**Recorded information**
◇ ◇ ◇ ◇

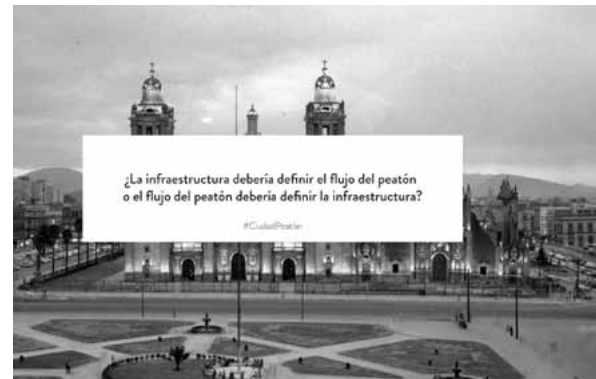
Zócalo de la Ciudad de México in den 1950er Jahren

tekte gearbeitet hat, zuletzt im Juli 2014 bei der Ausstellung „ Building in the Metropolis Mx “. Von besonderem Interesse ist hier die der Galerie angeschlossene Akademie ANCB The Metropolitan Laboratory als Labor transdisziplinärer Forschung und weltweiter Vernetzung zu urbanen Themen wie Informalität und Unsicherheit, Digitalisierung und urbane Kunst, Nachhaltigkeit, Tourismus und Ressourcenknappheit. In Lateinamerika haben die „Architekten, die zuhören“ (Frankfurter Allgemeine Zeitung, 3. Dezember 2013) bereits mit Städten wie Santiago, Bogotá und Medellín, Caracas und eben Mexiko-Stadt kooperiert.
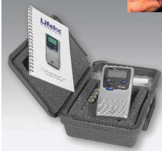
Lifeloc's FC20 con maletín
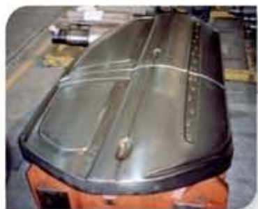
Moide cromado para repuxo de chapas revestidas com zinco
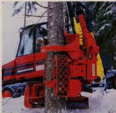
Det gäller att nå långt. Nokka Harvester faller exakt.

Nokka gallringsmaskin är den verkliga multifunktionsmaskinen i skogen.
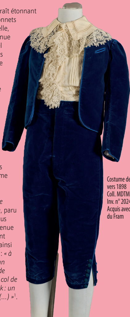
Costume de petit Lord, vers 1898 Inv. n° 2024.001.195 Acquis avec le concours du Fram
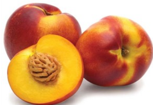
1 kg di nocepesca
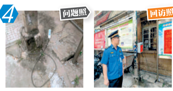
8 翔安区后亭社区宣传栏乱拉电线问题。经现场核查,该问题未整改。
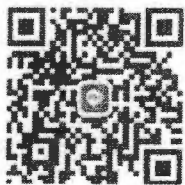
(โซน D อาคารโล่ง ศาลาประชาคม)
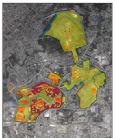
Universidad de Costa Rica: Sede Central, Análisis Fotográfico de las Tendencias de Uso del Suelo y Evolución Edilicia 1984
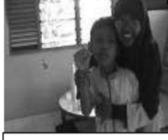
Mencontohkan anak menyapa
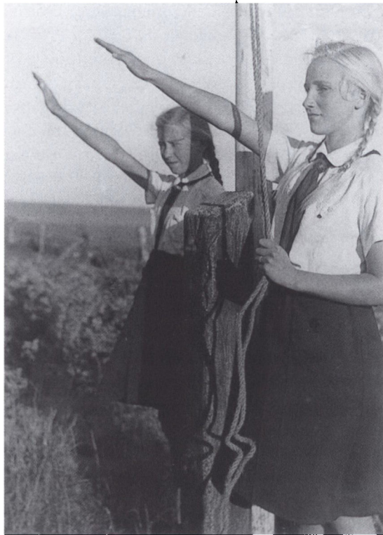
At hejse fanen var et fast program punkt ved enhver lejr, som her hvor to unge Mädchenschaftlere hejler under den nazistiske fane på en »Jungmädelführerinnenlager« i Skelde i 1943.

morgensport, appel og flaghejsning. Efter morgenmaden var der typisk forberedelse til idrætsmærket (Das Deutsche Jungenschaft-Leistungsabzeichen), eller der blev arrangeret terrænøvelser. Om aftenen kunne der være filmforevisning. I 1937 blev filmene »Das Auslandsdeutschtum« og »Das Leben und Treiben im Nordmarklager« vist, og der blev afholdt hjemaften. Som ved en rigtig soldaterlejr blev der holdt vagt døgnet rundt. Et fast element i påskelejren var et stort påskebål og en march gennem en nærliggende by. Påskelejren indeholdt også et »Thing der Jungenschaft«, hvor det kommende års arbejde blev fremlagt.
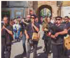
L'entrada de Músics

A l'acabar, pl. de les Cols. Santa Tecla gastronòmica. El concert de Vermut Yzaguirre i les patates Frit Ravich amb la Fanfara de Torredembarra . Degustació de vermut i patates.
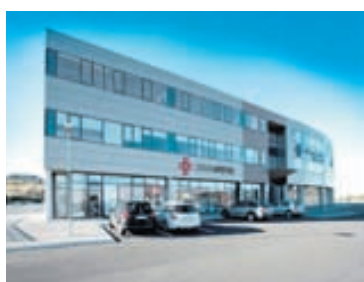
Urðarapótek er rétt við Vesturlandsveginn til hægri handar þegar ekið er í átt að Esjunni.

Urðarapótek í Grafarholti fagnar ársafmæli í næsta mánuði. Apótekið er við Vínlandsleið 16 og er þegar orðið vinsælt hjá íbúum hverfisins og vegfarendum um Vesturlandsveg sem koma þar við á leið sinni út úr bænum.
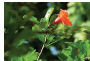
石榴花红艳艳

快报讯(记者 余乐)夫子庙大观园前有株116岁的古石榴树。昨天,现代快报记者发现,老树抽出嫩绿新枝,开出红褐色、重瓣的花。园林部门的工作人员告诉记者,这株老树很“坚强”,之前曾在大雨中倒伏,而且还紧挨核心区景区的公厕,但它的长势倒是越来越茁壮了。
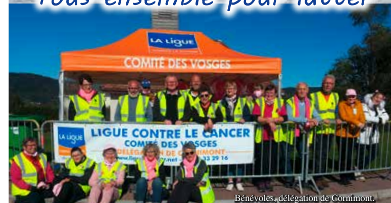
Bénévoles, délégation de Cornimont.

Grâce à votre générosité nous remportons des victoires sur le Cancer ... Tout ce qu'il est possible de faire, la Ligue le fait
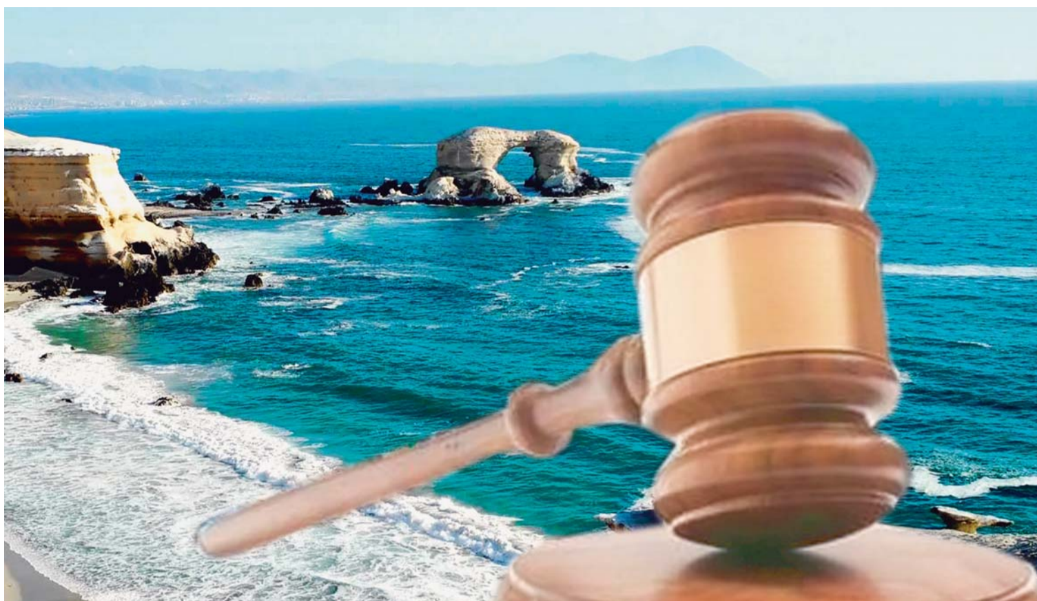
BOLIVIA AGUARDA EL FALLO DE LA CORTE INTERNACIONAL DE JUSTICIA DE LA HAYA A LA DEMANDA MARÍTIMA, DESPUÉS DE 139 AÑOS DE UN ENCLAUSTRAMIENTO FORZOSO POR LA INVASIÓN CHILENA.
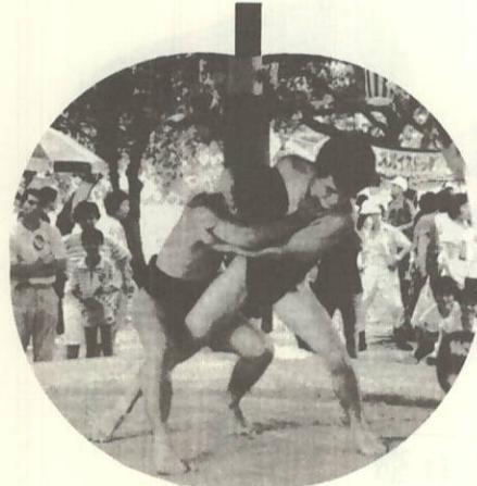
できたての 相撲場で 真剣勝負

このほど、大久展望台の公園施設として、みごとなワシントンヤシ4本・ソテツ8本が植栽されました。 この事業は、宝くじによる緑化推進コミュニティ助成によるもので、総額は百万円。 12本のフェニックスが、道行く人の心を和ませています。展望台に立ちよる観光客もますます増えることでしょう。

◇ ◇ ◇ ◇

**What this task involves**
Find each line holding the string "fast" in the listing above, then copy it.

**Response**
At hejse fanen var et fast program punkt ved enhver lejr, som her hvor to unge Mädchenschaftlere hejler under den nazistiske fane på en »Jungmädelführerinnenlager« i Skelde i 1943.
morgensport, appel og flaghejsning. Efter morgenmaden var der typisk forberedelse til idrætsmærket (Das Deutsche Jungenschaft-Leistungsabzeichen), eller der blev arrangeret terrænøvelser. Om aftenen kunne der være filmforevisning. I 1937 blev filmene »Das Auslandsdeutschtum« og »Das Leben und Treiben im Nordmarklager« vist, og der blev afholdt hjemaften. Som ved en rigtig soldaterlejr blev der holdt vagt døgnet rundt. Et fast element i påskelejren var et stort påskebål og en march gennem en nærliggende by. Påskelejren indeholdt også et »Thing der Jungenschaft«, hvor det kommende års arbejde blev fremlagt.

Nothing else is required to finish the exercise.